Sonus Texere! Automated Dense Soundtrack Construction for Books using Movie Adaptations
Jaidev Shriram,Makarand Tapaswi,Vinoo A R
International Society for Music Information Retrieval, ISMIR, 2022
@inproceedings{bib_Sonu_2022, AUTHOR = {Jaidev Shriram, Makarand Tapaswi, Vinoo A R}, TITLE = {Sonus Texere! Automated Dense Soundtrack Construction for Books using Movie Adaptations}, BOOKTITLE = {International Society for Music Information Retrieval}. YEAR = {2022}}
Reading, much like music listening, is an immersive experience that transports readers while taking them on an emotional journey. Listening to complementary music has the potential to amplify the reading experience, especially when the music is stylistically cohesive and emotionally relevant. In this paper, we propose the first fully automatic method to build a dense soundtrack for books, which can play high-quality instrumental music for the entirety of the reading duration. Our work employs a unique text processing and music weaving pipeline that determines the context and emotional composition of scenes in a chapter.

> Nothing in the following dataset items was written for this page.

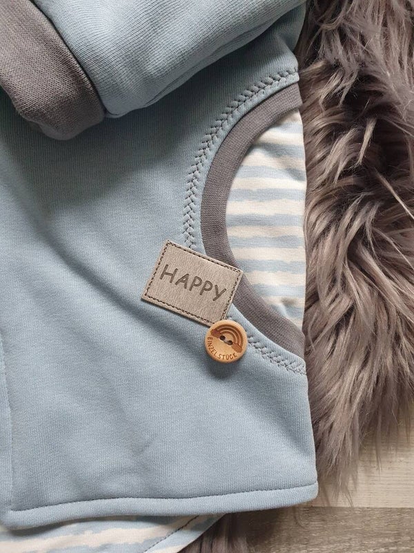 Innenfutter Streifen , 2 unterfütterte Faketaschen ,Kapuze,Reißverschluss und Mitwachsbündchen.
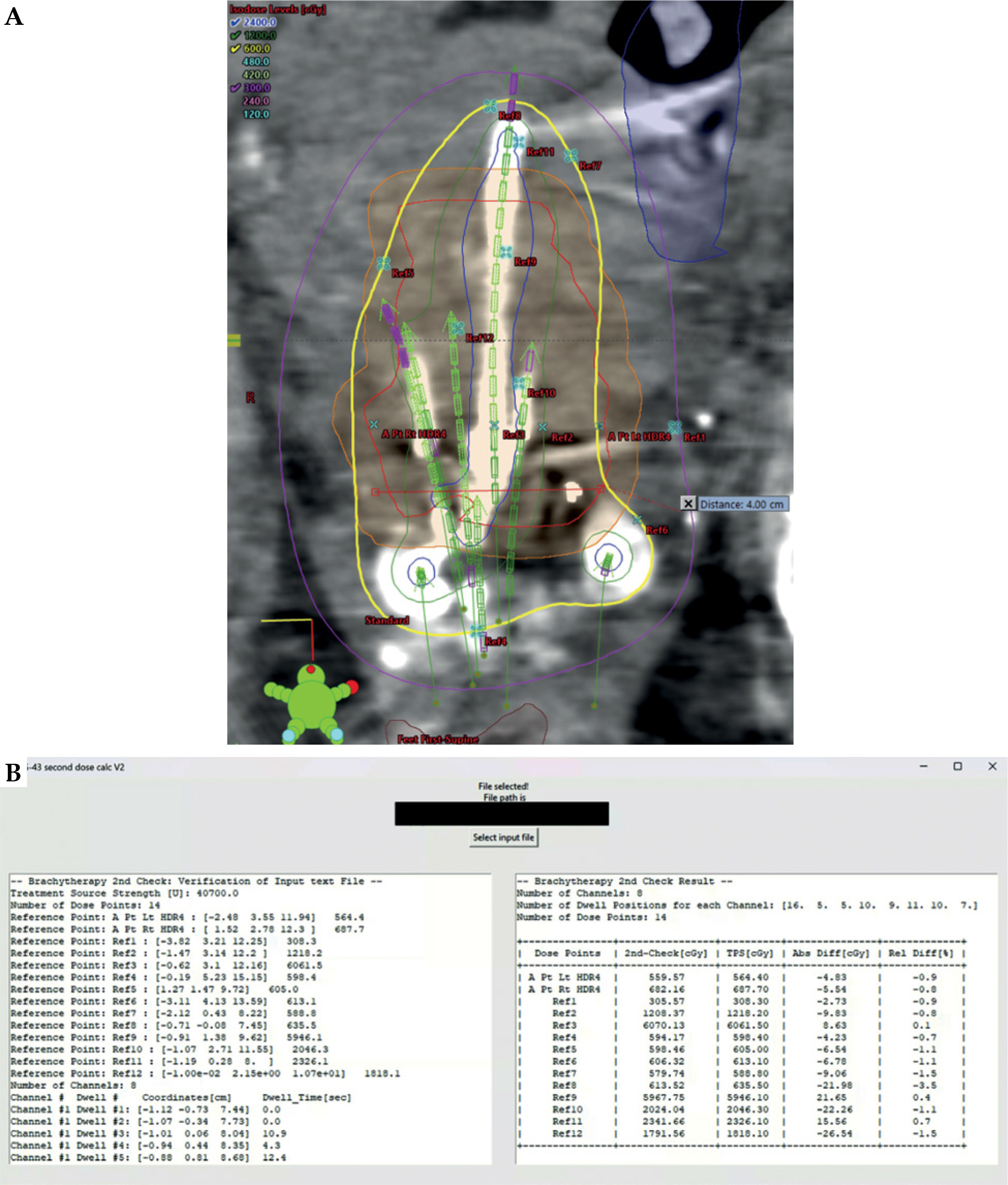 A commercial independent dose calculation software used in our institution (Brachy MUCheck, Oncology Data Systems, Inc.) imports a treatment plan file in DICOM format, which is exported from TPS (Varian BrachyVision, version 16.1.5). It requires access to the TPS for data transfer and communication. In contrast, this study utilized the treatment plan report as a text file input for the software, bypassing the need for DICOM files. A treatment plan report is printed in PDF (portable document format) file using the print layout option as “BrachyFull.tml” in the BrachyVision (version 16.1.5) TPS. All text from the PDF file is copied and pasted into a text file without any modification. The text file becomes the input file for the software, and the software automatically reads the input text file. In most other institutions, source decay is taken into account in TPS and treatment source strength for a treatment plan is different from nominal strength due to source decay. In contrast, in our institution, the nominal source strength is used for the treatment planning, and therefore source strength in any treatment plan is the same as the nominal source strength. The source decay is accounted for at HDR afterloader console computer. When the console computer reads the transferred treatment plan from the TPS, dwell times are automatically scaled by the ratio of source strength (nominal/treatment). Because the second check software reads the treatment source strength from the treatment plan report, the nominal strength is read for the treatment source strength in our institution, while decayed source strength is read for the treatment source strength in other institutions. Information extracted from the input file includes the treatment source strength, number of channels, dwell position coordinates, and dwell times for each channel as well as reference point coordinates and doses. Additionally, no patient-related protected health information (PHI) is accessed, recorded, nor utilized by the software.
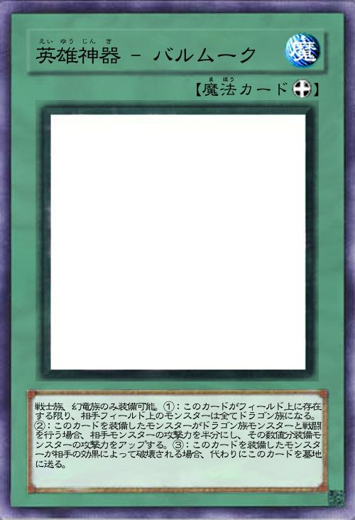 | 戦士族、幻竜族のみ装備可能。①:このカードがフィールド上に存在する限り、相手フィールド上のモンスターは全てドラゴン族になる。②:このカードを装備したモンスターがドラゴン族モンスターと戦闘をするとき、相手モンスターの攻撃力を半分にし、半分にした数値分攻撃力をアップする。③:このカードを装備したモンスターが破壊される場合、代わりにこのカードを墓地に送る。 | |||

This allows our method to identify and play relevant excerpts from the soundtrack of the book’s movie adaptation. By relying on the movie composer’s craftsmanship, our book soundtracks include expert-made motifs and other scene-specific musical characteristics. We validate the design decisions of our approach through a perceptual study. Our readers note that the book soundtrack greatly enhanced their reading experience, due to high immersiveness granted via uninterrupted and style-consistent music, and a heightened emotional state attained via high precision emotion and scene context recognition.